The move will make Bon-Ton, which has about 260 stores and nearly $1 billion in debt, the first major U.S. brick-and-mortar retailer to file for bankruptcy this year.
Last year, more than 15 U.S. retailers filed for bankruptcy, the most in six years, as consumers moved more of their shopping online.
The loan will help Bon-Ton continue to operate in bankruptcy and carry it through a potential sale, the sources said. The size of the bankruptcy loan could not be learned.
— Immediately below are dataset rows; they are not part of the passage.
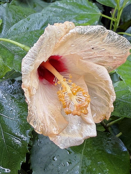 雨中扶桑花的透明花瓣彷彿薄薄的一層蟬衣,好神奇喔!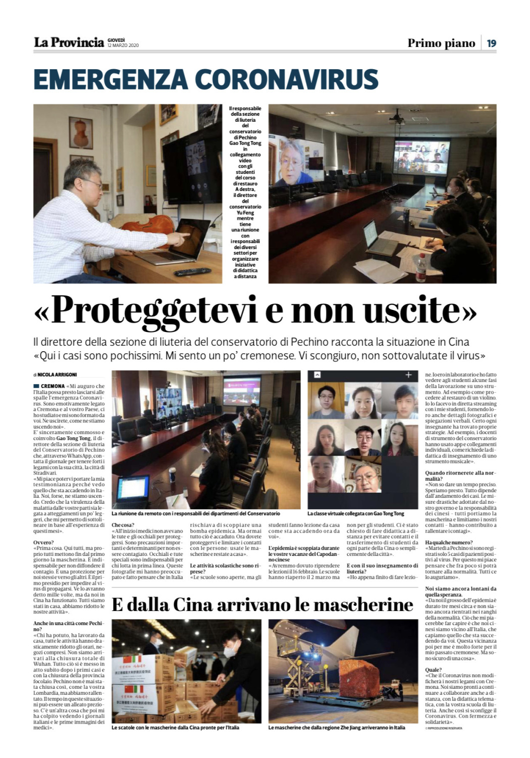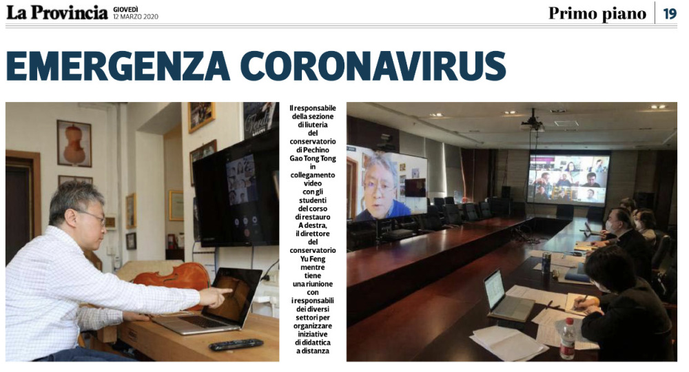 近日,在中国新冠病毒疫情防控形势渐趋平稳的时刻,来自世界疫情重灾区的意大利克雷莫纳当地报纸,连线采访了永利提琴制作研究中心副主任高彤彤教授,并以“保护好自己不要外出”为新闻标题刊登了采访内容,向意大利当地人民介绍了中国先进而有效的抗疫经验。采访中,意大利记者了解了中国目前疫情的发展状况,并询问了高老师本人对意大利当前疫情的看法与建议,同时还特别取经永利“停课不停学”的具体做法。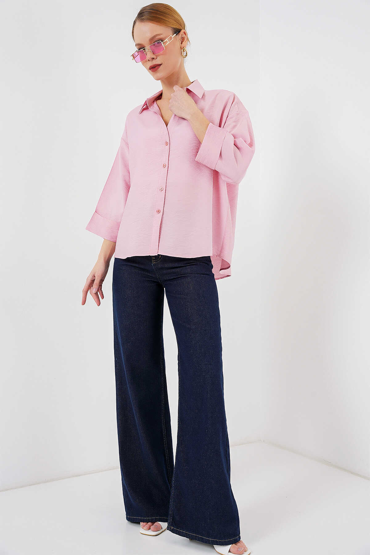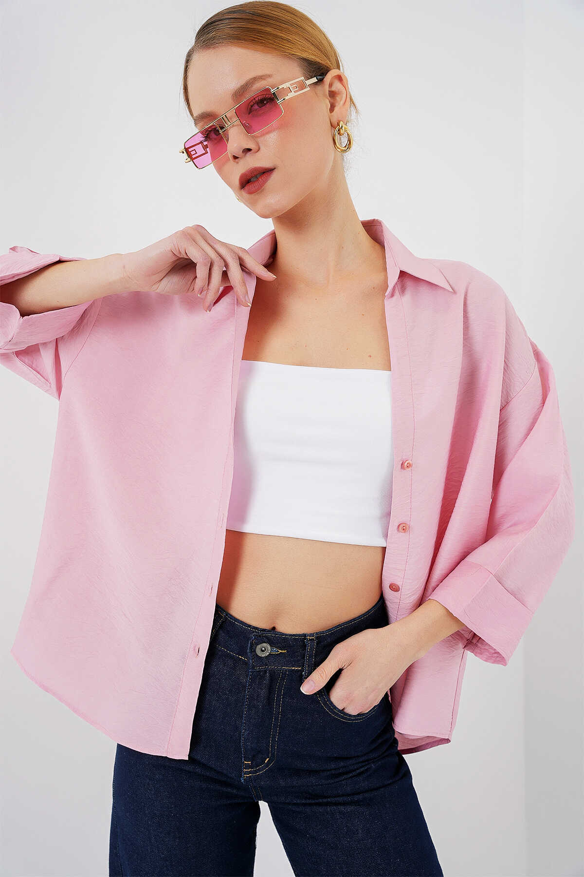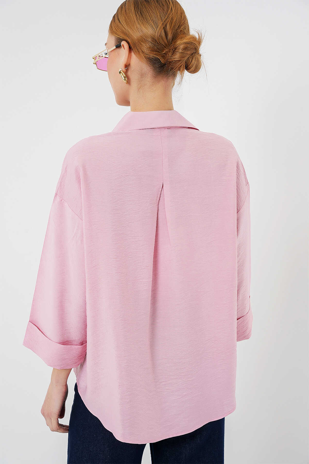 Kadın Oversize Kısa Kol Gömlek 20315 - Pembe - Kombin

The York, Pennsylvania-based retailer has also retained law firm Young Conaway Stargatt & Taylor LLP for its filing, in addition to attorneys from Paul, Weiss, Rifkind, Wharton & Garrison LLP, the sources added.
Bon-Ton declined to comment. Young Conaway and Paul Weiss did not respond to requests for comment.
Bon-Ton serves smaller communities in 26 states across the U.S. Northeast, Midwest and Great Plains under banners including Bon-Ton, Younkers and Bergner’s.
Macy’s Inc and competitors shuttering their stores has helped Bon-Ton in some communities it operates in, the retailer said in a business plan released this week.
The company had been looking for an investor to infuse new money into the firm ahead of a bankruptcy filing as part of a plan of reorganization, according to disclosures the company had made this week. Those plans called for the retailer’s $350 million in bonds to take the equity in a reorganized company.
The company’s bonds on Thursday were trading at about 15 cents on the dollar, according to Thomson Reuters data.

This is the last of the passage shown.